Этот таинственный шифр давно был в ходу между ними, но на все попытки его рассекретить ее мужчины отмахивались и смеялись. Мужчины. Ее. Забавно, но сейчас Настя ощутила себя под защитой мужчин. Своих, очень надежных и настоящих.
5. Настоящие мужчины
До Новгорода добрались уже без приключений, лишь в Высшем Волочке постояли немного в уличной пробке на светофорах. “Традиционно”, как Беринг сказал. Очень она надеется, что у в ее жизни будут такие традиции. Традиционно опаздывающие самолеты в… Париж, например. Или Токио. Традиционно вкусные ужины на океанических лайнерах. Да она согласна даже на традиционную кашу в палатке! Пока что.

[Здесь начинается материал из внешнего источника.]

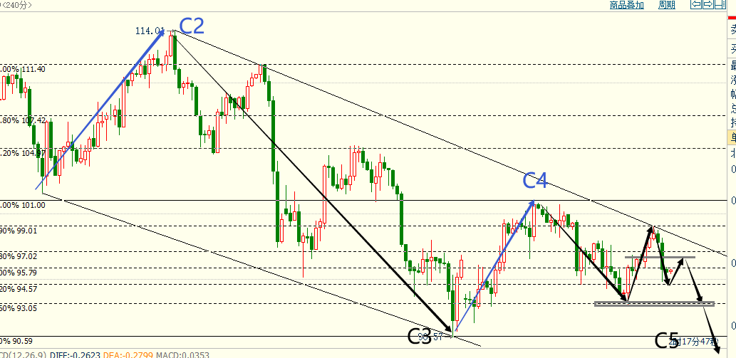 原油昨日按照看涨的思路在不断向上运行,直至晚间从99一线开始了大幅回落,日内的涨幅全部回吐殆尽,说明空头还是掌握了趋势的运行节奏,目前看下跌走势还未完成,因此今日将会延续昨日的空头转折继续下跌。今晚将会公布最新一期的EIA数据,目前市场预期是利多原油,可能对于走势来说也是下跌中途的一个反弹节奏,这点需要注意。原油操作建议反弹至96.75一线卖出,风控97.25上方,目标94.80~93.80~93。按照图灵波浪交易系统的推演,如果今日开始的下跌能跌破93的多空分水岭,则意味着短期的反弹走势结束,市场进入到了C浪5-3的主跌阶段,否则短期将会延续区间震荡走势。(博易大师报价,图灵波浪理论)图表为原油4小时图
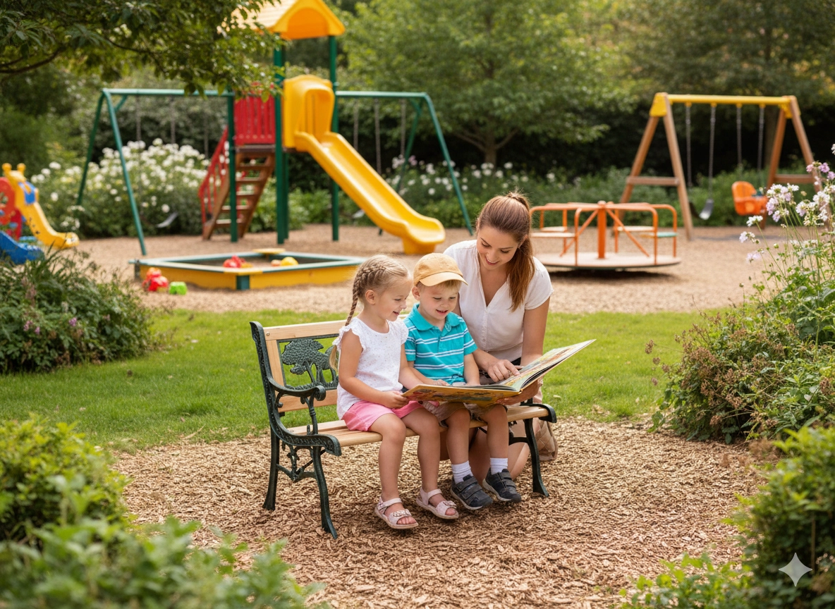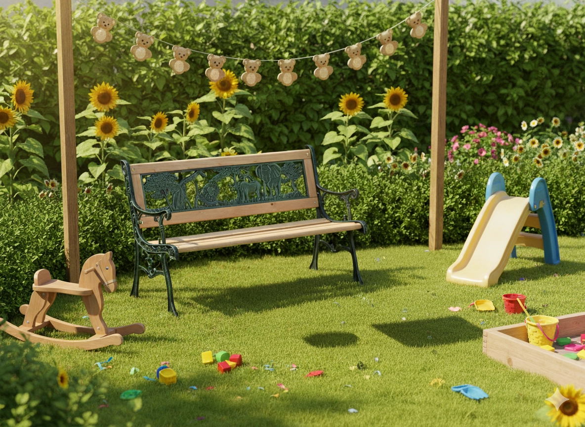 Odlično se poda k peskovniku, toboganu ali gugalnicam in ustvari prijeten prostor za počitek med igro.
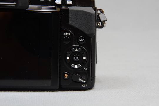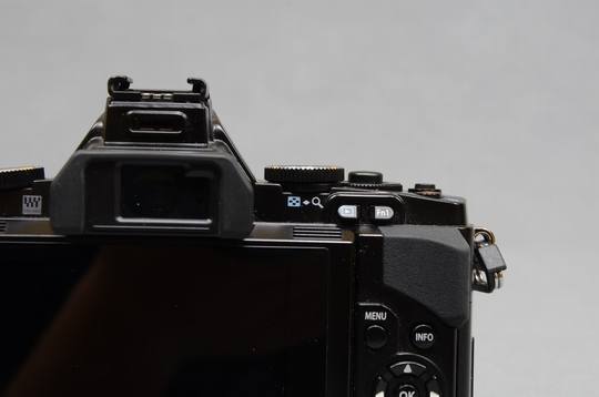 这款相机机身背面的按键中,开关以拨杆形式设计在右下角,与E系统单反上的设计类似。与E-P3设计相同有两个Fn按钮分别是在机顶Fn2和背面的Fn1。奥林巴斯E-M5机身上的按键都偏小且凸起很高。这样按下去键程偏长。小编猜测这样设计可能与防尘、防水溅有关。
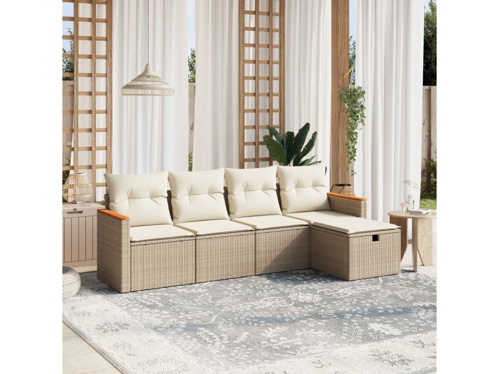 - Pohodlné sezení: Tento venkovní nábytek se silně polstrovanými poduškami a polštáři nabízí pohodlné sezení.
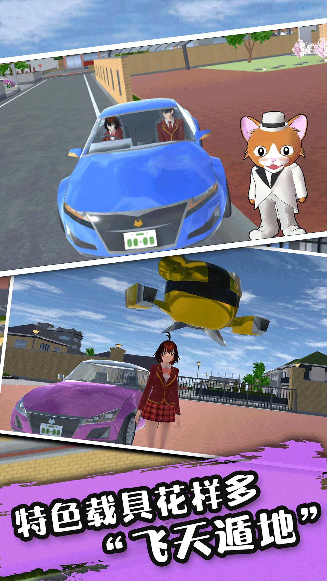 2、特色载具多样:游戏内有各类特色载具,可自由驾驶,在校园场景中畅行,增添游玩乐趣。
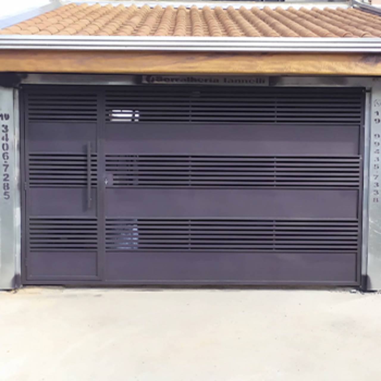 Portão basculante de diversos modelos: aberto, fechado, com desenho, personalizado, corte a laser, em tubo, com trava de segurança, com social embutido ou com social separado, em chapa ou metalon, moderno ou rústico.
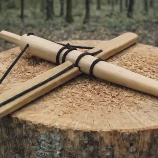 Traditional Bow Drill Fire Starter Kit designed for primitive fire making, bushcraft and outdoor survival.

Еще, правда, не пробовала.
Небольшая гостиница в Великом Новгороде приняла их гостеприимно, невзирая на время (очень далеко за полночь). Их заселили в большой семейный номер с огромной кроватью и детским диванчиком, на котором свернулся комочком уставший Ванька, отрубившись мгновенно (как будто он и без того не спал добрую часть пути на заднем сиденье).
Душ, в который Влад по-джентельменски ее пропустил, вполне соответствовал уровню этой гостиницы. Чисто, просторно и без излишеств. Большая кабинка, зеркало во всю стену, в котором Настя увидела себя обнаженную. Смотрела и удивлялась. Очень давно она не видела себя в зеркале так. Да и просто посмотреть на себя лишний раз не успевала: все на бегу, не оглядываясь, в суматохе. А ведь она изменилась не только внутренне, только сейчас увидев это со всей очевидностью. Перед ней стояла молодая красивая женщина. И что больше изменило ее: отросшие роскошной огненной гривой волосы или плавные линии женского тела, заметно округлившегося, а может, появившаяся вдруг уверенность в светлых глазах? Из зеркала на нее смотрела любимая женщина.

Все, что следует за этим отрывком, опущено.